While a good routine is important to getting good sleep, it is just as important to create the right conditions for sleep. When you have good sleep hygiene habits, nights feel more predictable, mornings have you waking up feeling refreshed, and your energy remains at stable levels during the day. What does that look like and how can you achieve it? Check out our tips below.

  • Maintain a steady sleep rhythm. Your bedtime and wake-up time are consistent—even on weekends. Over time, your body naturally begins to feel sleepy at night and alert in the morning without relying heavily on alarms or caffeine. Choose a regular wake-up time and then work backward to find the right bedtime.
  • Make sure light is working with you, not against you. If possible, spend 10-15 minutes in natural light after waking up. Morning light energizes you and anchors your internal clock. Then, when your evenings are calm and dim, you help to support your natural melatonin production helping with an easier transition to sleep.
  • Be mindful of the amount of caffeine you consume and when. Caffeine’s effects can linger for many hours and can affect how easy it is to fall asleep, sleep efficiency, and total sleep time—especially at higher doses. Recent research suggests 400 mg (approximately 2-3 small cups of coffee) can meaningfully disrupt sleep if consumed within 12 hours of bedtime. Depending on how an individual’s body reacts to caffeine, even smaller amounts too close to bedtime can disrupt sleep. For more information about caffeine and your health, click here to read more from our blog on caffeine.
  • Don’t rely on alcohol as a way to unwind in the evenings. While a drink may make you drowsy at first, alcohol will affect your sleep later in the night. It suppresses your REM sleep, a critical stage for memory and mood. The closer to bedtime and the more you drink, the more disruption you’ll likely see.
  • Regular physical activity improves sleep quality. Evening workouts aren’t universally harmful, but very strenuous late-night sessions may delay sleep in some people. A practical rule: finish intense exercise at least 3–4 hours before bed; easy stretching or a calm walk later is fine.
  • To nap, or not to nap. If you do feel the need for a nap during the day, aim for 10–20 minutes in the early afternoon to boost alertness without grogginess. Longer or late-day naps can cut into nighttime sleep.
  • Ensure that you have a sleep-friendly bedroom. Cool (most people sleep well with a temperature set in the mid-60s), dark, and quiet works best. Blackout shades, a white-noise machine, and minimizing in-room electronics can help. Many experts recommend stopping all screen use 1-2 hours before bed. If that’s not possible, dim the screens or use night mode if possible.
  • Develop a relaxing evening routine. Give yourself 30–60 minutes before bed to help yourself wind-down. This could be light reading, a warm shower, gentle stretches, or a brief mindfulness practice. Try to avoid screens
  • Keep your bedroom for sleeping. If you’re awake and frustrated after about 20 minutes, get up, keep lights low, and do something quiet until you feel sleepy—then return to bed. This retrains your brain to associate bed with sleep.

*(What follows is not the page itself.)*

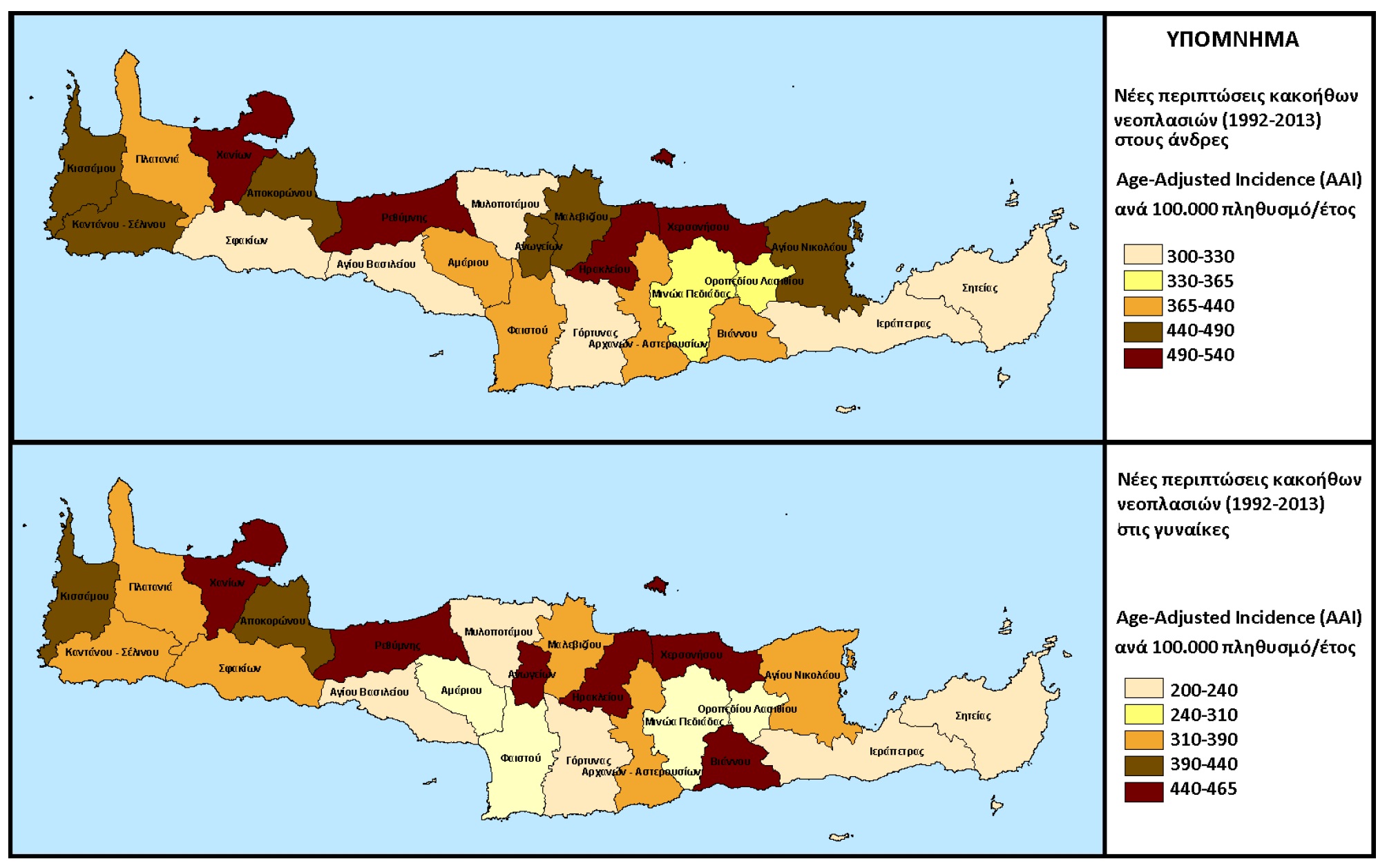 Πάντως, ανεξαρτήτως των συγκρίσεων σε ευρωπαϊκό επίπεδο, σε επίπεδο Κρήτης και σε βάθος εικοσαετίας, η αύξηση των ποσοστών καρκίνου είναι μεγάλη και καταγράφεται και ποσοστικά.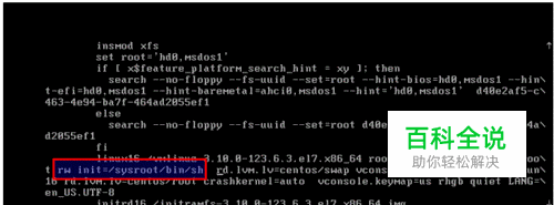 按向下的箭头,找到fi linux16 /vmlinuz-3.10.0-123.6.3.el7.x86_64 root=/dev/Mapper/centos-root ro 找到该ro,将该ro换成rw init = /sysroot/bin/sh

Sleep Disorder Warning Signs

If implementing the tips above don’t seem to help your sleeping habits, and you continue to feel unrefreshed despite enough time in bed, it may be time to seek some medical help. Everyone has sleep issues from time to time, but if it lasts for several weeks or more and significantly affects your daily life, you could be experiencing a sleep disorder condition. Here are some warning signs:

  • Struggling to fall asleep or stay asleep
  • Struggling to stay awake when inactive, such as when watching television or reading
  • Performance problems at work
  • Memory issues
  • Trouble concentrating and paying attention
  • Heartburn that keeps you awake
  • Physical pain that wakes you during the night
  • Uncomfortable, restlessness in your legs when you are trying to sleep, or your legs are still for a long period of time
  • Loud snoring with pauses, choking, or gasping

Good sleep hygiene isn’t about perfection. It’s about creating strong habits that support your mind and body. By setting steady rhythms, creating a calm sleeping environment, and making mindful, intentional choices throughout the day, you can give yourself the best chance and deep, restful sleep that your body needs to thrive.